Other features and advantages of the invention will become apparent on
reading the description and the claims which follow, and also on examining
the figures of the drawing, given merely by way of example, in which:
FIG. 1 is a diagrammatic exploded perspective view of one embodiment of a
motor-driven air pulsator according to the invention;
FIG. 2 is a partial view similar to that of FIG. 1 of another embodiment
according to the invention;
FIG. 3 is a partial detail view of the turbine wheel of the motor-driven
air pulsator of FIG. 1 according to the invention;
and FIG. 4 is a partial detail view similar to that of FIG. 3 of the
embodiment of FIG. 2.
In the text which follows, only that which refers directly or indirectly to
the invention will be described. A person skilled in the art in question
will be able to obtain any further information from the current
conventional solutions at his disposal to deal with particular problems
with which he is confronted.
In the rest of the description, a single reference numeral is used in every
case to designate a homologous element, irrespective of the embodiment.
As can be seen, a motor-driven air pulsator according to the invention
comprises a turbine 10 having a distributor 11 in which an air-agitating
member 12 may be displaced. This motor-driven air pulsator also comprises
an electric motor 20 intended to drive the air-agitating member. In order
to join the turbine and the electric motor, a mounting arrangement 30 is
used.
In order to facilitate the description, each of the constituents of the
motor-driven air pulsator according to the invention will be described
successively before the assembly technique thereof is described.
As can be observed, the distributor 11 is made of a hollow body 100 having
a side wall 101 parallel to a given direction D and end walls 102
virtually perpendicular to this given direction. These side and end walls
together delimit a chamber 110. This chamber has, for example, the
configuration of a spiral volute of axis .DELTA. (delta) parallel to this
given direction.
Into this chamber 110 opens an inlet orifice 111 for admitting air and an
outlet orifice 112 for discharging the admitted air.

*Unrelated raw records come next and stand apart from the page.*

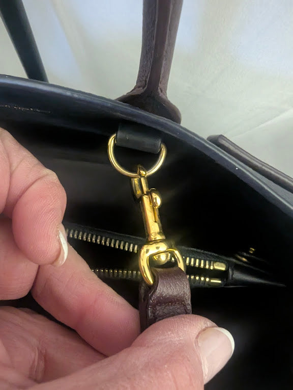 - Gold Hardware: Very Good+ — one small tarnish spot on the zipper pull of the removable pouch; gold lock in holder shows slight tarnishing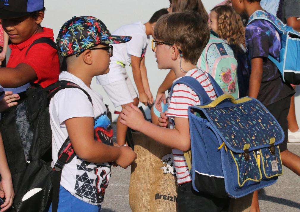 2022年9月1日,在法国南部小城昂蒂布,学生们抵达学校。(图/新华社)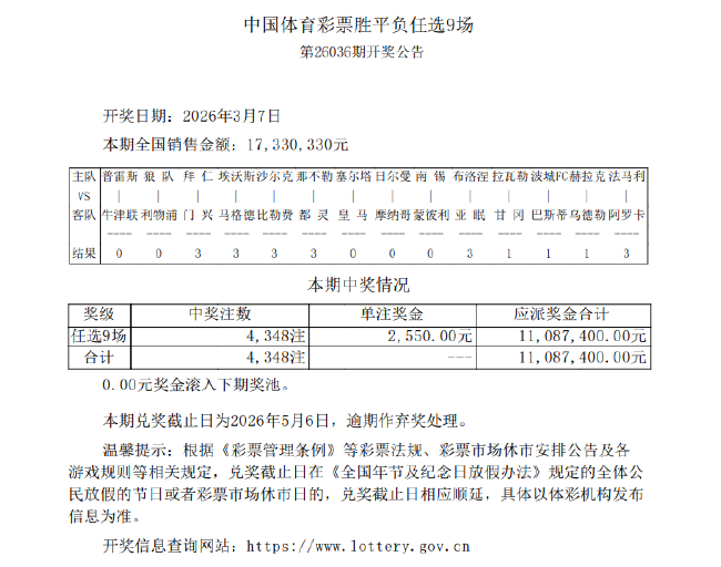 北京时间3月7日,胜负彩第26036期任九开奖结果揭晓。本期任九开出4,348注,单注奖金2,550元,本期任九的销量为17,330,330元。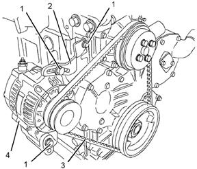 2.移動交流Perkins804發(fā)動機(jī)(4)以增加或降低皮帶張緊度。檢查皮帶張緊度時,應(yīng)在兩個皮帶輪中間的地方施加45 N (10 lb m的力。調(diào)整正確的皮帶將下垂10 mm (0.39 inch)。

In the embodiment
shown, this inlet orifice 111 takes the form of a cylindrical mouthpiece
coaxial with the axis of the chamber. The outlet orifice 112, for its
part, in this case takes the form of a rectangular window pierced
tangentially in the side wall 101.
The distributor is also provided with a fixing and connecting device 105 of
any conventional current type, preferably situated in the vicinity of the
outlet orifice so as to be able to link the latter to a distribution
circuit (not shown). For example, this device comprises holes 106 intended
to receive screws or the like and a peripheral sealing lip 107 or such
like.
The air-agitating member 12 takes the form, for example, of a wheel 120,
the configuration of which approximately resembles a squirrel cage. This
wheel comprises a preferably circular base 121 pierced at its centre with
a bore hole 122. This bore hole is intended to receive the end piece of a
motor shaft so as to be able to be fixed thereto both in rotation and in
translation, as will be understood hereinbelow. Longilinear blades 123 are
mounted on this base virtually parallel to the axis of the bore hole. Each
of these blades 123, preferably of curved cross-section as illustrated,
exhibits a foot 124 linked to the base and a head 125. As can be observed,
the heads 125 of all these blades are joined by a collar 126. As can be
observed in particular in FIGS. 3 and 4, only one part of each of these
feet is joined to this base and similarly only one part of each of these
heads is joined to this collar. For reasons which will become apparent
hereinbelow, this base 121 has a circle of given external diameter d.sub.e
or is inscribed in such a circle. The collar 126, which is preferably
toroidal in the shape of an annulus or ring, has a given internal diameter
d.sub.i or circumscribes a circle of such diameter. It will be observed
that, in accordance with the invention, the external diameter d.sub.e of
the base is at least equal to the internal diameter d.sub.i of the collar
and very close to it.
As can be seen, the electric motor 20 comprises a casing 200 made of a
housing 201 to which are fastened, in any appropriate conventional manner,
two end plates 202 each carrying a bearing 203. These bearings are
intended to receive a shaft 210 which exhibits an end piece 211 protruding
from one of the plates. If necessary, this end piece has a non-circular
for example square, cross-section for receiving a bore hole of
complementary cross-section so as to ensure the fixing in rotation. A key,
pin or an inserted screw is thus able to perform the same function equally
well, as is conventional. This motor also comprises a connector 220, for
example fastened to the housing 201. This connector makes it possible to
provide the electrical link with the commutation means of the motor such
as the collector and the brushes which bear upon it.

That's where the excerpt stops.